(Recorded data)
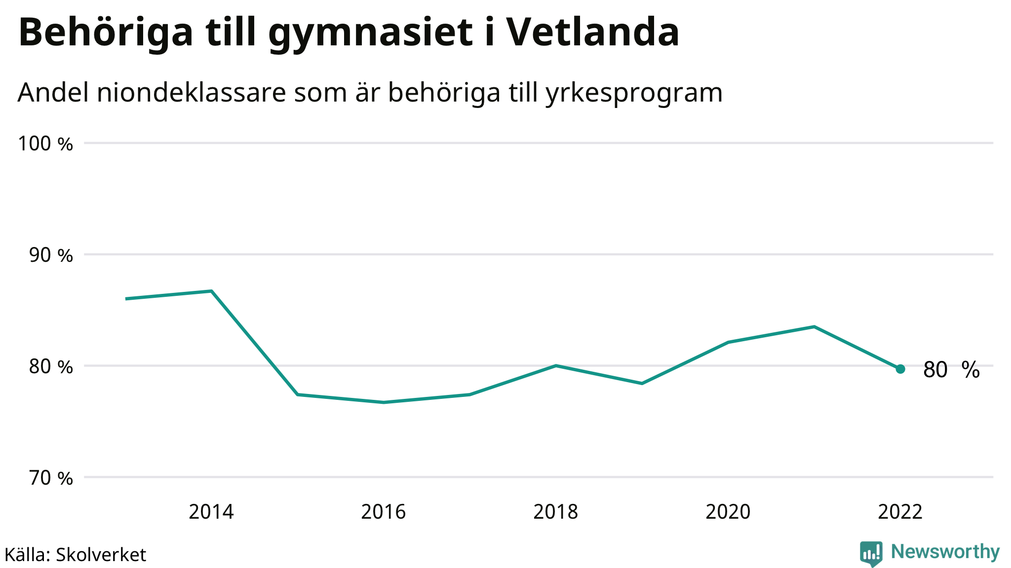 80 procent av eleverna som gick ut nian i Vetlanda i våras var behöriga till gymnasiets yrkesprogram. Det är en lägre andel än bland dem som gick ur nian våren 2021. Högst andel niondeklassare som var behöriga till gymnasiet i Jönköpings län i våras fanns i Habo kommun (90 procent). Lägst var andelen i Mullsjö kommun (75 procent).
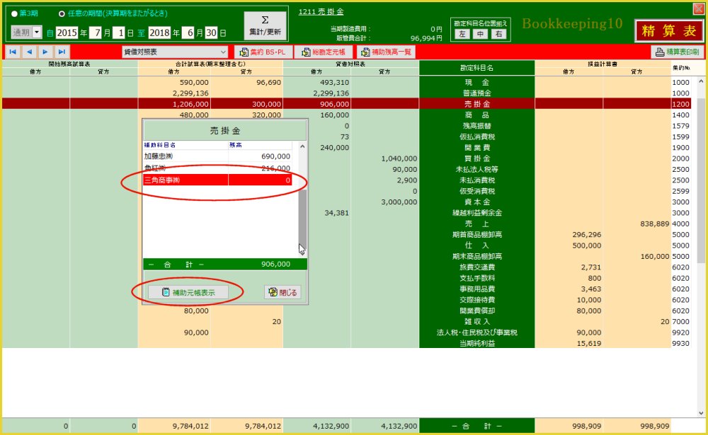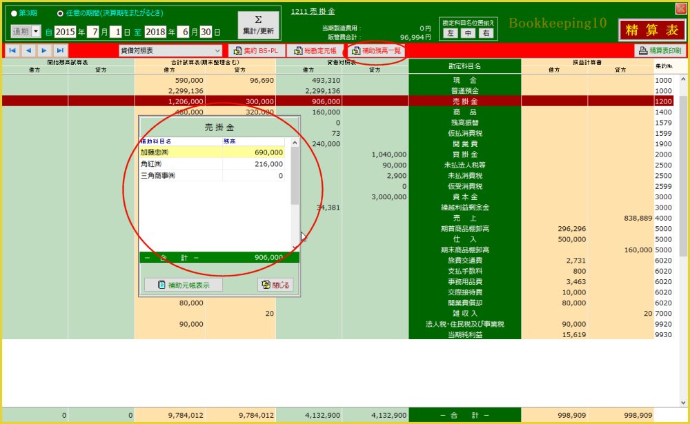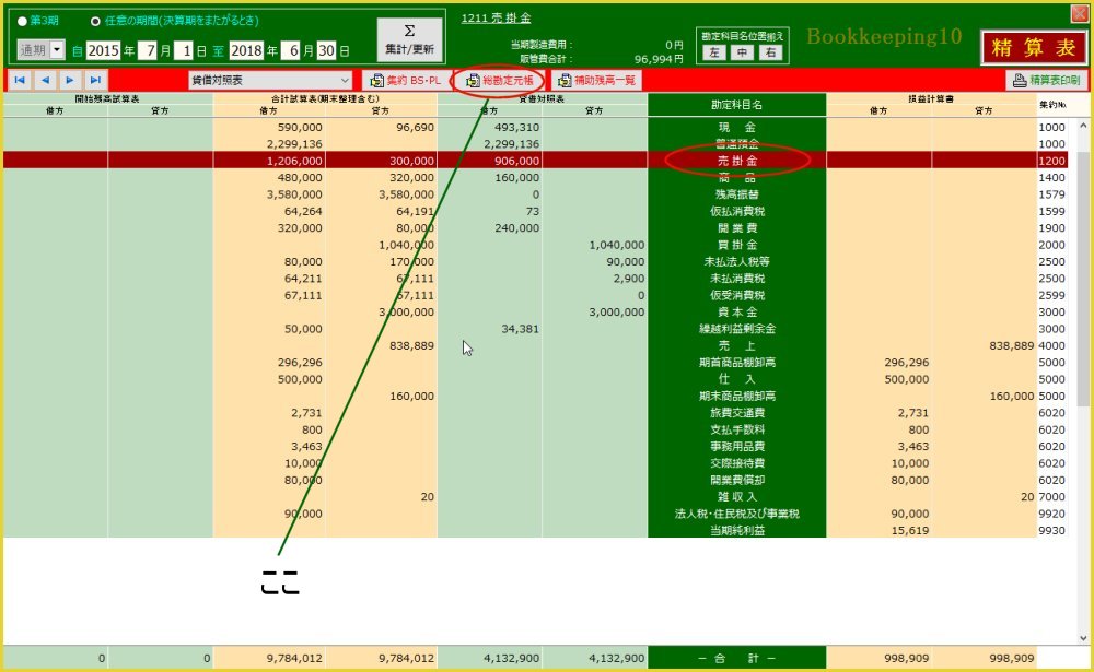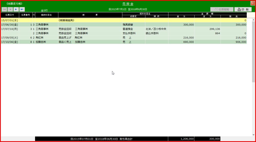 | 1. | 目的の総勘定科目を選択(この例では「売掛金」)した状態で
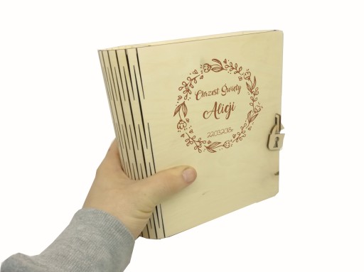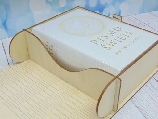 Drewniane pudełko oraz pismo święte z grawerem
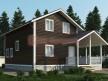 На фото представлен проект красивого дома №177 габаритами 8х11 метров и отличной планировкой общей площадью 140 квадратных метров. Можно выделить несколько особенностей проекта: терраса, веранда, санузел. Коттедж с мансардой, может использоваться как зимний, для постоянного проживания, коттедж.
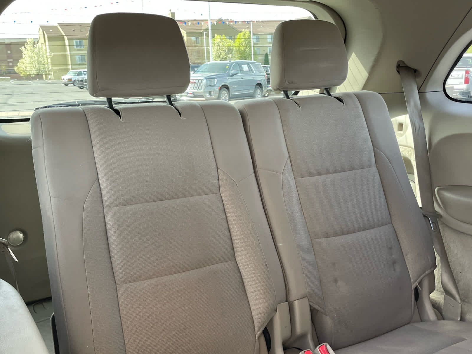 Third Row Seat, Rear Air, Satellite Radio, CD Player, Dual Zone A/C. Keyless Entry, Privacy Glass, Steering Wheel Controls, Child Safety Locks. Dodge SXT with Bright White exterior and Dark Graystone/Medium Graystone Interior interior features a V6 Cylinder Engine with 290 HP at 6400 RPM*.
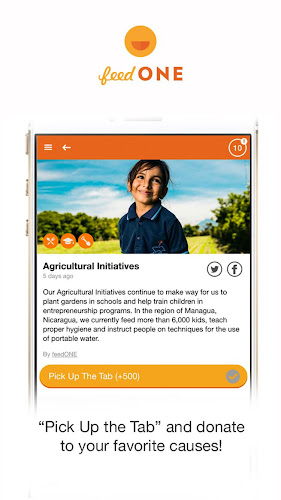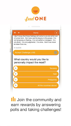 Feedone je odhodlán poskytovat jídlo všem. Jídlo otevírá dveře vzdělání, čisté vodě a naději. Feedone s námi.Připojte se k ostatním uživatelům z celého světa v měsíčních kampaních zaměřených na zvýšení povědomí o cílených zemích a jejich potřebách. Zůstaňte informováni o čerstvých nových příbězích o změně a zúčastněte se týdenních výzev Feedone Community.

Assignment: Write the entries above out again exactly, but not the pictures.

Task solution:
 80 procent av eleverna som gick ut nian i Vetlanda i våras var behöriga till gymnasiets yrkesprogram. Det är en lägre andel än bland dem som gick ur nian våren 2021. Högst andel niondeklassare som var behöriga till gymnasiet i Jönköpings län i våras fanns i Habo kommun (90 procent). Lägst var andelen i Mullsjö kommun (75 procent).
 | 1. | 目的の総勘定科目を選択(この例では「売掛金」)した状態で
 Drewniane pudełko oraz pismo święte z grawerem
 На фото представлен проект красивого дома №177 габаритами 8х11 метров и отличной планировкой общей площадью 140 квадратных метров. Можно выделить несколько особенностей проекта: терраса, веранда, санузел. Коттедж с мансардой, может использоваться как зимний, для постоянного проживания, коттедж.
 Third Row Seat, Rear Air, Satellite Radio, CD Player, Dual Zone A/C. Keyless Entry, Privacy Glass, Steering Wheel Controls, Child Safety Locks. Dodge SXT with Bright White exterior and Dark Graystone/Medium Graystone Interior interior features a V6 Cylinder Engine with 290 HP at 6400 RPM*.
 Feedone je odhodlán poskytovat jídlo všem. Jídlo otevírá dveře vzdělání, čisté vodě a naději. Feedone s námi.Připojte se k ostatním uživatelům z celého světa v měsíčních kampaních zaměřených na zvýšení povědomí o cílených zemích a jejich potřebách. Zůstaňte informováni o čerstvých nových příbězích o změně a zúčastněte se týdenních výzev Feedone Community.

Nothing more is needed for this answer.